=== Begin Enclosure ===

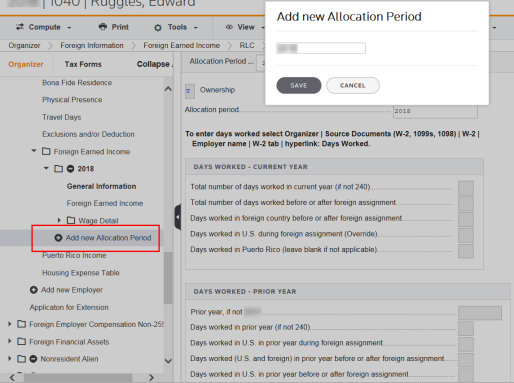 After inputting foreign compensation, the allocation of compensation can be reviewed in the printed return as well as in tax forms view at Tax Forms > Federal > 2555 – Foreign Earned Income > employer name > Page 2 tab. Drill down on line 19.
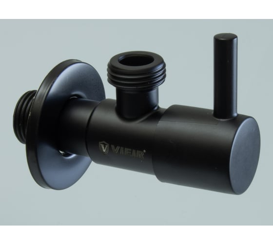Кран угловой ViEiR с отводом, 1/2 х 1/2, нержавеющий, черный, круглый, запорный, для подключения техники и смесителей VER69-C
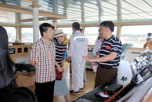 中國駐密克羅尼西亞大使李杰攜夫人及大使館工作人員、援外工作人員代表等到“科學(xué)”號進(jìn)行了參觀。中科院海洋所船舶中心主任李雷溪、工程技術(shù)部主任刁新源、船長陳修峰及全體船隊(duì)員接待了李杰大使一行。
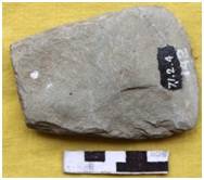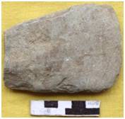 Bifacially flaked retaining cortex on the body. Edge is ground on both the faces with a sharp and convex edge line. Margins are little convex and thin showing marks of flaking. The butt is broken. Elliptical in median section and longitudinal section is triangular. It is prepared in flaking technique.
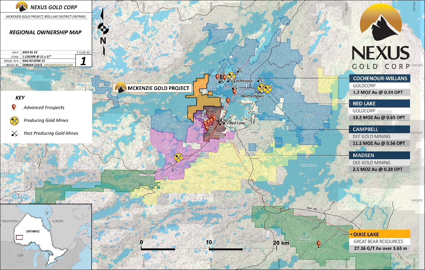 Vancouver, Canada / TheNewswire / June 25, 2019 - Nexus Gold Corp. (“Nexus” or the “Company”) (TSX-V: NXS, OTCQB: NXXGF, FSE: N6E) is pleased to announce it has received assay results from the initial ground reconnaissance program at the Company’s 100% owned, 1,348-hectare, McKenzie Gold Project, located at Red Lake, Ontario.
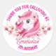 Sticker Rond Pony anniversaire fête rose cheval merci

=== End Enclosure ===

> [Task]
Copy only these lines from the records above, exactly: the one with "中國駐密克羅尼西亞大使李杰攜", the one with "Bifacially flaked retaining", and those between. Skip the pictures.

> [Finished exercise]
 中國駐密克羅尼西亞大使李杰攜夫人及大使館工作人員、援外工作人員代表等到“科學(xué)”號進(jìn)行了參觀。中科院海洋所船舶中心主任李雷溪、工程技術(shù)部主任刁新源、船長陳修峰及全體船隊(duì)員接待了李杰大使一行。
 Bifacially flaked retaining cortex on the body. Edge is ground on both the faces with a sharp and convex edge line. Margins are little convex and thin showing marks of flaking. The butt is broken. Elliptical in median section and longitudinal section is triangular. It is prepared in flaking technique.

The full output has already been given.